**Assigned task:**
Once you reach the line with "Wenn die Tage" in the material below, copy each line exactly up to and including the line with "This enchanting watercolor", and skip the pictures.

**Data:**
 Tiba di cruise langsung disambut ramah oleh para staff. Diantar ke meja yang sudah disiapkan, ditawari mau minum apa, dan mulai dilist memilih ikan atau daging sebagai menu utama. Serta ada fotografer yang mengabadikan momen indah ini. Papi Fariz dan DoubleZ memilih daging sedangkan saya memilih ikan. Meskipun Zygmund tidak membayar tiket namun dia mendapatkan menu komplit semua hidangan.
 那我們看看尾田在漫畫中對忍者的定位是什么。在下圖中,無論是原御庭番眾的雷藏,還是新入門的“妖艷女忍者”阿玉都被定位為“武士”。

* * *

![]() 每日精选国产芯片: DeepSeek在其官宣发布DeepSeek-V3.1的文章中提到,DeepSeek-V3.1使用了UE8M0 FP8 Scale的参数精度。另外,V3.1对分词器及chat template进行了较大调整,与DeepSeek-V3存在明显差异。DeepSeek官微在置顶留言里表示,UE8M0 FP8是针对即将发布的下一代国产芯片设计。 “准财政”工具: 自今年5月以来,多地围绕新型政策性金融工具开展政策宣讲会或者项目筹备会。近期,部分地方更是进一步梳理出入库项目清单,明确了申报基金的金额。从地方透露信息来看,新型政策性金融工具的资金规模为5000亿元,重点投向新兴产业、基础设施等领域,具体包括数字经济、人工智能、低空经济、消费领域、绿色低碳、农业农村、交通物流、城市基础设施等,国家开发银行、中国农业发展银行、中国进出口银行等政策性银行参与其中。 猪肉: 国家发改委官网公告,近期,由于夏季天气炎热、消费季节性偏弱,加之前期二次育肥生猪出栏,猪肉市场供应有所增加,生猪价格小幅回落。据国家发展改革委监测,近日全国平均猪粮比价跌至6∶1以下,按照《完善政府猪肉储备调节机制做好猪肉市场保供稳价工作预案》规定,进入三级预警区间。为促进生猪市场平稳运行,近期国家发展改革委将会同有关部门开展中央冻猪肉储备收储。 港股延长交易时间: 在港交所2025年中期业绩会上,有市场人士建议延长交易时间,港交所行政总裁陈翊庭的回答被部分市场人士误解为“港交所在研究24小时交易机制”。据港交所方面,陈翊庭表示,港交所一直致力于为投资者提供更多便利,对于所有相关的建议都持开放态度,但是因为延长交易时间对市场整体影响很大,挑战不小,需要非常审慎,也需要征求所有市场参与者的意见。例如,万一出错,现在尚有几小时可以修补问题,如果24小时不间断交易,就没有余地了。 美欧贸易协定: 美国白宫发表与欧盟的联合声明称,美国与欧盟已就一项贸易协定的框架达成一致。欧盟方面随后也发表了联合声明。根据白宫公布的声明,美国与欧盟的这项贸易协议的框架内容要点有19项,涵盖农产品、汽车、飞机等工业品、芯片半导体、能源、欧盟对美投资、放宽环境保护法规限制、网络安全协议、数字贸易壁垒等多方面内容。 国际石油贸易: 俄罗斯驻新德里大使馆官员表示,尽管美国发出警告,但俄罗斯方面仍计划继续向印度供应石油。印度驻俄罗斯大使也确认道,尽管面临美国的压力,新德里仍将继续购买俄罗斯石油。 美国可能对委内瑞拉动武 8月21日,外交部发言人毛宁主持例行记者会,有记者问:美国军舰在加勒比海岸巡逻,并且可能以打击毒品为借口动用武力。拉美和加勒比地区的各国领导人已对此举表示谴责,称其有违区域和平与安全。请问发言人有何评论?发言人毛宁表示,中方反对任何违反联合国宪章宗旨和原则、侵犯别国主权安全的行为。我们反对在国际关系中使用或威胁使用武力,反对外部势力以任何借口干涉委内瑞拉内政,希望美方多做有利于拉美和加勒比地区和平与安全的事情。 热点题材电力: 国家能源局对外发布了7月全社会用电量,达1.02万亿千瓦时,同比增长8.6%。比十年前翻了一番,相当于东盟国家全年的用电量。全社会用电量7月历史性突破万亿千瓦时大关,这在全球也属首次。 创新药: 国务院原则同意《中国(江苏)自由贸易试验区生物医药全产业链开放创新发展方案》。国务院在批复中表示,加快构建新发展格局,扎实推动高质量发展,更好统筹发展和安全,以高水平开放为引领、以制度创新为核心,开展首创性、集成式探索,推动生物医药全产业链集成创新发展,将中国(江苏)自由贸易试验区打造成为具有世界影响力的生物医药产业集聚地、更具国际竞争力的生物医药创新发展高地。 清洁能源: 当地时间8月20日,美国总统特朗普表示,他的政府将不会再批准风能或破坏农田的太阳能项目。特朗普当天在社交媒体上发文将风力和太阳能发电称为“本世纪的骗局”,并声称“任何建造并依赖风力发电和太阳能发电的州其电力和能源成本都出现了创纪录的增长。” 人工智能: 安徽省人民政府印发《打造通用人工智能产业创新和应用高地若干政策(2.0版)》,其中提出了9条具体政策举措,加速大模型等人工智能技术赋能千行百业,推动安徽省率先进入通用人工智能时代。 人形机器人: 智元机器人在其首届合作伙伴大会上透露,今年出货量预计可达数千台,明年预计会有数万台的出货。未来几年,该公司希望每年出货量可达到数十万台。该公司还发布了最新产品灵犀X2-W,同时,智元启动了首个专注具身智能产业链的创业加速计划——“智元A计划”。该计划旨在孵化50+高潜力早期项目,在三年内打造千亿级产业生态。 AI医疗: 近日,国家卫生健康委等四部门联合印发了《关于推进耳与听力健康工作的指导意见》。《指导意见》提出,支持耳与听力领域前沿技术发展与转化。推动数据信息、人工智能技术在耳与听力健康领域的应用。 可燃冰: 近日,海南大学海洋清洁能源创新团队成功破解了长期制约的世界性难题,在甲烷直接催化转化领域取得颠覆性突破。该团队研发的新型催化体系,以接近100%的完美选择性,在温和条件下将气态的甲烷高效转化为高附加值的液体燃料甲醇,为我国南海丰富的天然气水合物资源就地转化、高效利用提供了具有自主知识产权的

* * *

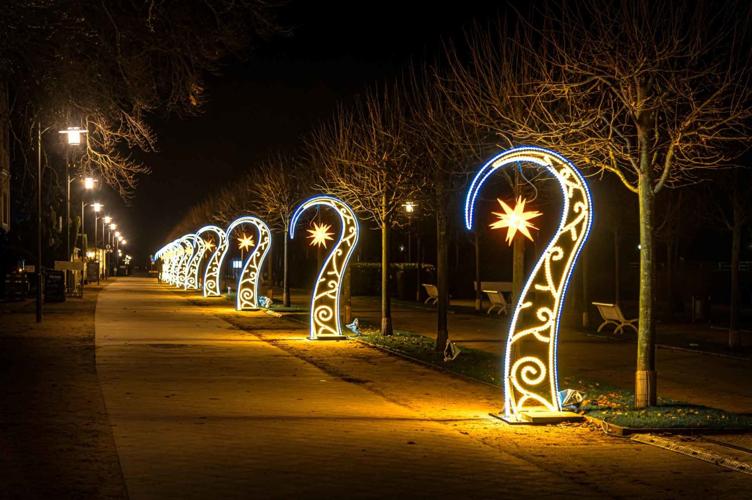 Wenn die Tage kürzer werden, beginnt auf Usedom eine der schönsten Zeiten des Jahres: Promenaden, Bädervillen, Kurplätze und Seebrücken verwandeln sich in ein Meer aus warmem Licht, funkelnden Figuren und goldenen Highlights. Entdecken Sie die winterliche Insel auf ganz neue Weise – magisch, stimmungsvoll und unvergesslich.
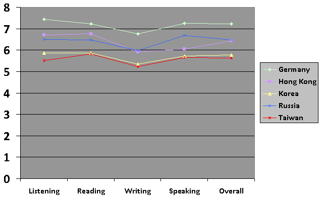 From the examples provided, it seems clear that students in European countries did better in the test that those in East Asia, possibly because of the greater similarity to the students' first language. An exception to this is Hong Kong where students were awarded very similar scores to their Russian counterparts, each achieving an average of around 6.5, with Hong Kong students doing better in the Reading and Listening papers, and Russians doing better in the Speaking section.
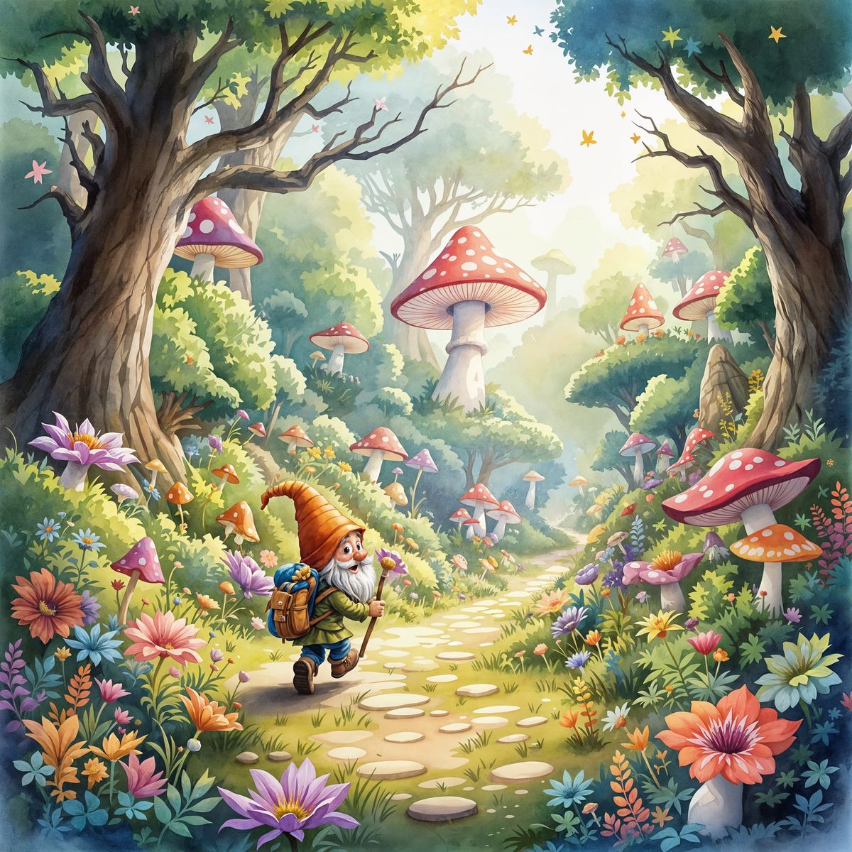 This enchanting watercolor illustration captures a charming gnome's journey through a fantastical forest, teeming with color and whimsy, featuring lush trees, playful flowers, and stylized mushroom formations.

**Final answer:**
 Wenn die Tage kürzer werden, beginnt auf Usedom eine der schönsten Zeiten des Jahres: Promenaden, Bädervillen, Kurplätze und Seebrücken verwandeln sich in ein Meer aus warmem Licht, funkelnden Figuren und goldenen Highlights. Entdecken Sie die winterliche Insel auf ganz neue Weise – magisch, stimmungsvoll und unvergesslich.
 From the examples provided, it seems clear that students in European countries did better in the test that those in East Asia, possibly because of the greater similarity to the students' first language. An exception to this is Hong Kong where students were awarded very similar scores to their Russian counterparts, each achieving an average of around 6.5, with Hong Kong students doing better in the Reading and Listening papers, and Russians doing better in the Speaking section.
 This enchanting watercolor illustration captures a charming gnome's journey through a fantastical forest, teeming with color and whimsy, featuring lush trees, playful flowers, and stylized mushroom formations.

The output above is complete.